Avoiding some cancers

Report outlines diet-cancer link: Experts offer bottom line from decades of confusing research

Wading through 30 years of confusing and sometimes contradictory studies on cancer and diet, experts have summarized the state of scientific knowledge: alcohol is bad, obesity is bad and lots of fruits and vegetables are good.

Well that introduction provided no surprises. One can read the original article here – The effect of diet on risk of cancer (Lancet – free but registration required).

Riboli said emerging evidence suggests many of the factors that contribute to heart disease are also involved in cancer, such as lack of exercise, being even moderately overweight and problems with insulin, the hormone that goes wrong in diabetes.

“I think it’s possible that we will realize that some of the benefits which were in the past attributed to the diet in itself should actually be attributed to the global balance between how we eat, how we move and our body shape, where we are actually pointing more to the energy balance,” Riboli said.

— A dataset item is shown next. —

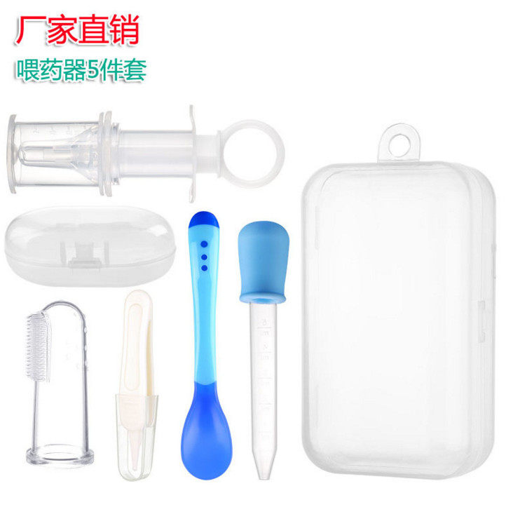 Baby antichoking silicone shunt feeder combination set of needle drop tube feeding spoon clamp toothbrush 5 pieces

Experts are also starting to advocate a tougher strategy. “The individual awareness approach has been shown repeatedly to have failed,” experts said in a report presented Wednesday at a European Union summit on obesity.

In its report, the International Obesity Task Force called for European restrictions on the advertising of junk food.

Other measures mentioned in the report were: redesigning roads to accommodate networks of bicycle tracks, removing junk food vending machines from schools, reintroducing cooking skills into the school curriculum and the establishment of a new medical specialty that takes a comprehensive approach to obesity.

We likely will continue to hear more and more pressure on diet control. While I am empathetic towards the problems, and I try to work with patients, colleagues and friends to eat more intelligently, I am against too much intrusion here. If I eat too much aspirin, I could die. One baby aspirin a day likely will decrease my chances of a cardiac event. Many vitamins are like that. I like the occasional junk food. We need to proactively provide diet options. We should beat the bad diet options in the marketplace. But please do not give us more regulations.

I love the idea of providing for more bike trails (and running trail are also good). We need more side walks in the suburbs – they encourage walking at least. We should sponsor exercise training in schools. Those are positive ideas.